● WHAT THE TASK ASKS
Leave the pictures out and restate each entry below word for word.

□ □ □

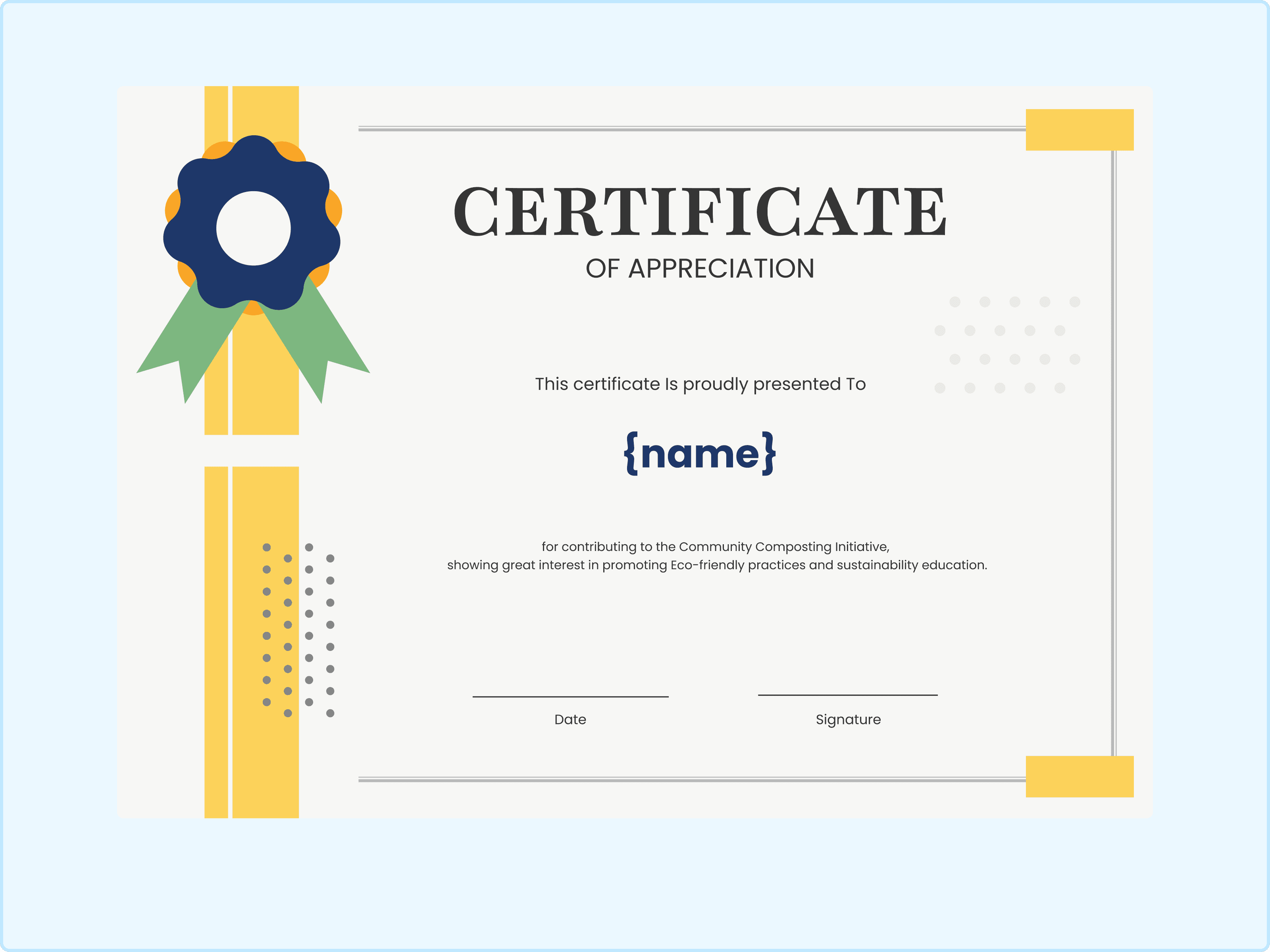 This certificate template takes the classic "award ribbon" concept and gives it a modern update. The big blue and green rosette on the yellow stripe screams "winner" without looking old-fashioned. I like the use of the dotted pattern in the background, which adds a bit of texture. This is a solid, versatile choice for community composting initiatives or sustainability education awards. Make it a printable certificate and award it today.
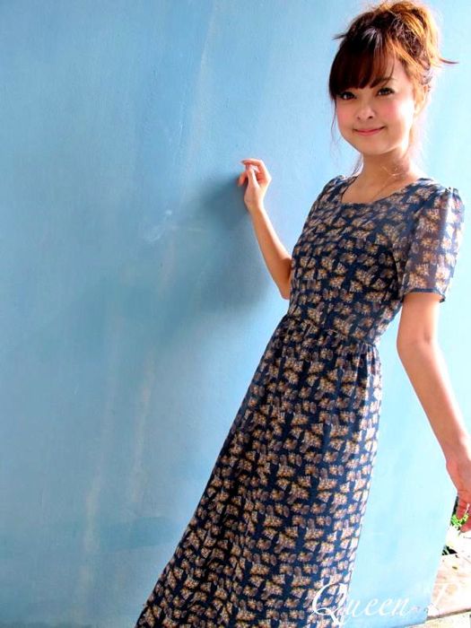 Detail : เดรสยาวผ้าชีฟองสีกรมท่าลายแมว
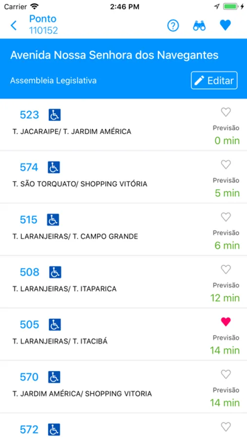 • Favorite um ponto ou uma linha no ponto para ter acesso instantâneo ao abrir o aplicativo;
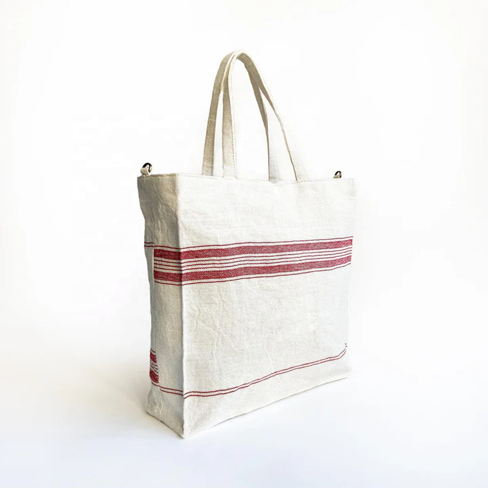 กระเป๋าช้อปปิ้งผ้ากระสอบป่านพิมพ์ลายตามสั่ง เป็นมิตรกับสิ่งแวดล้อม พร้อมหูหิ้วหนัง ปิดด้วยซิป ลายตัวอักษร ใช้ได้ทุกวัน
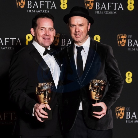 Johnnie Burn, Tarn Willers poses backstage at the 2024 EE BAFTA Film Awards on Sunday 18 February 2024 at Royal Festival Hall, London. Pictured backstage with the BAFTA award for Sound., Credit:Julie Edwards / Avalon
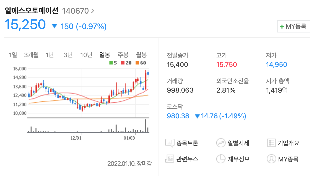 알에스오토메이션 종목 분석

□ □ □

● FINAL ANSWER
 This certificate template takes the classic "award ribbon" concept and gives it a modern update. The big blue and green rosette on the yellow stripe screams "winner" without looking old-fashioned. I like the use of the dotted pattern in the background, which adds a bit of texture. This is a solid, versatile choice for community composting initiatives or sustainability education awards. Make it a printable certificate and award it today.
 Detail : เดรสยาวผ้าชีฟองสีกรมท่าลายแมว
 • Favorite um ponto ou uma linha no ponto para ter acesso instantâneo ao abrir o aplicativo;
 กระเป๋าช้อปปิ้งผ้ากระสอบป่านพิมพ์ลายตามสั่ง เป็นมิตรกับสิ่งแวดล้อม พร้อมหูหิ้วหนัง ปิดด้วยซิป ลายตัวอักษร ใช้ได้ทุกวัน
 Johnnie Burn, Tarn Willers poses backstage at the 2024 EE BAFTA Film Awards on Sunday 18 February 2024 at Royal Festival Hall, London. Pictured backstage with the BAFTA award for Sound., Credit:Julie Edwards / Avalon
 알에스오토메이션 종목 분석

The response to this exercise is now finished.